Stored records
* * *
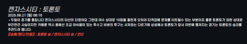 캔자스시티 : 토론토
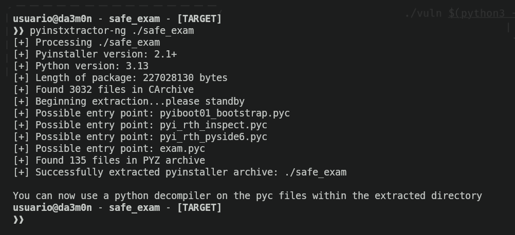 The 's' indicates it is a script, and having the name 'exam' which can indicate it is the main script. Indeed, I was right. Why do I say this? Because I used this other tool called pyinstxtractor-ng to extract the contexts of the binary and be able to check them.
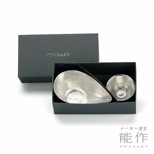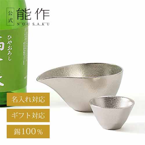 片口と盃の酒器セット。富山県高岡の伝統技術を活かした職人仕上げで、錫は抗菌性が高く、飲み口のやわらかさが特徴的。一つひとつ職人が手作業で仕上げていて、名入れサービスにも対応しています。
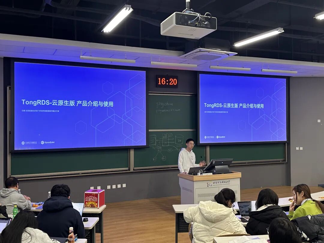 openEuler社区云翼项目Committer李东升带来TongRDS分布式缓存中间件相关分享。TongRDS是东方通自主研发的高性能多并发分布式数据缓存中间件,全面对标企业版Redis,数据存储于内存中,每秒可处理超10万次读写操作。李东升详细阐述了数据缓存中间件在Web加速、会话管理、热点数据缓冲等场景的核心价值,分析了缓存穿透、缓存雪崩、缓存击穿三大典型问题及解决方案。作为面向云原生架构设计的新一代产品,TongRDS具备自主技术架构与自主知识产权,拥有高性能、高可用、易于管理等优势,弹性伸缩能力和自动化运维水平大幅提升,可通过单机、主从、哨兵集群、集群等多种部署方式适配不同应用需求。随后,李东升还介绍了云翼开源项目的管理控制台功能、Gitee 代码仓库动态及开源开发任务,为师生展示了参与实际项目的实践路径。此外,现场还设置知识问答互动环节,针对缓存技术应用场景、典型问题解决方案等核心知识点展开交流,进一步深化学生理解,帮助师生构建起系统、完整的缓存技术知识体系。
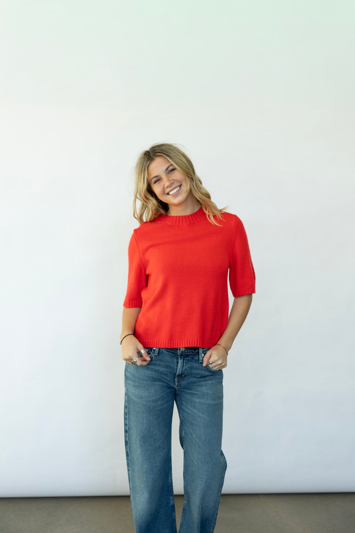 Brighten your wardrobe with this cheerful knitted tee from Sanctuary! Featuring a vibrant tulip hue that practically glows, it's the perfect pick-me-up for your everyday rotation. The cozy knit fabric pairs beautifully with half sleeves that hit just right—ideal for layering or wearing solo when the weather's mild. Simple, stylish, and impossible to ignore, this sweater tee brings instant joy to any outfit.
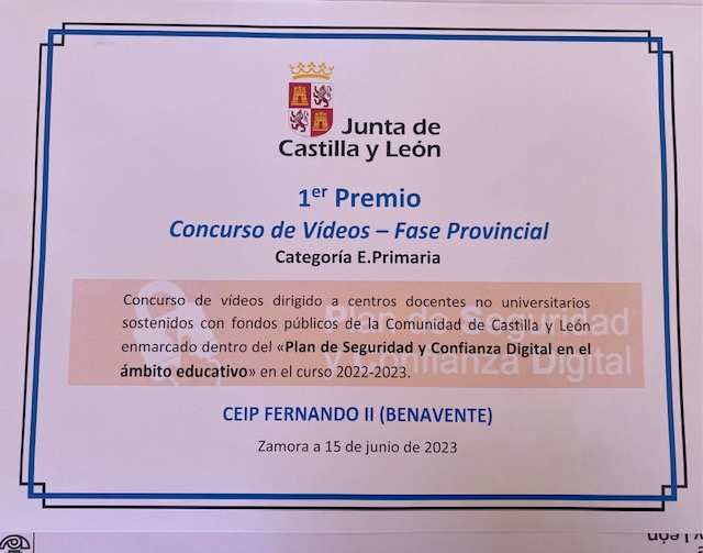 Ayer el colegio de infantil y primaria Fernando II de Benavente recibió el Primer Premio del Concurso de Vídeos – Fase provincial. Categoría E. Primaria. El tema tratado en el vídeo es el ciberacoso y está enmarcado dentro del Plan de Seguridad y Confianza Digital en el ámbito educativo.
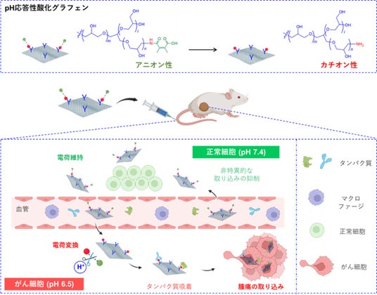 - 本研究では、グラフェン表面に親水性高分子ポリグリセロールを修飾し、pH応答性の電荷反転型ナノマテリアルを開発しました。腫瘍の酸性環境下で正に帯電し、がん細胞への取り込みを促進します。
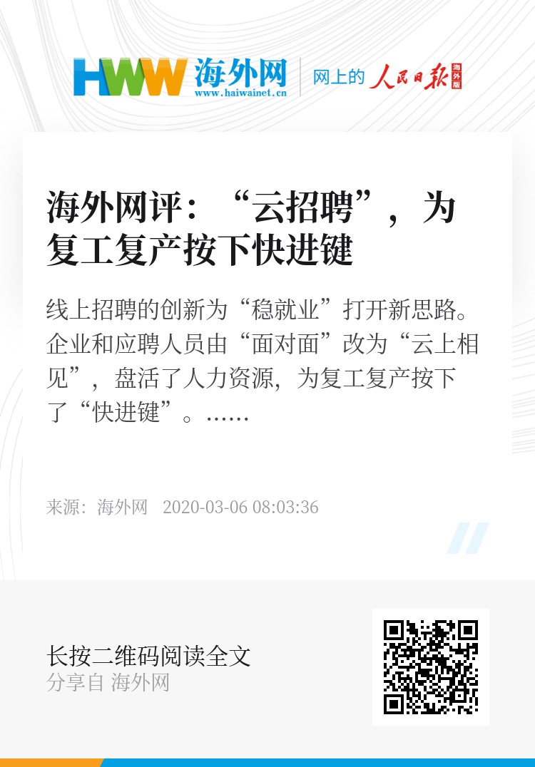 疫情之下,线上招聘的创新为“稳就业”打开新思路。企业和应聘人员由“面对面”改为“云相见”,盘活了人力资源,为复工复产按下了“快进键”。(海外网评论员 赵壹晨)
* * *
* _Problem details_: Output nothing except the lines from the one containing "- 本研究では、グラフェン表" through the final line of the entries, repeated exactly and free of pictures.

* _Answer area_:
 - 本研究では、グラフェン表面に親水性高分子ポリグリセロールを修飾し、pH応答性の電荷反転型ナノマテリアルを開発しました。腫瘍の酸性環境下で正に帯電し、がん細胞への取り込みを促進します。
 疫情之下,线上招聘的创新为“稳就业”打开新思路。企业和应聘人员由“面对面”改为“云相见”,盘活了人力资源,为复工复产按下了“快进键”。(海外网评论员 赵壹晨)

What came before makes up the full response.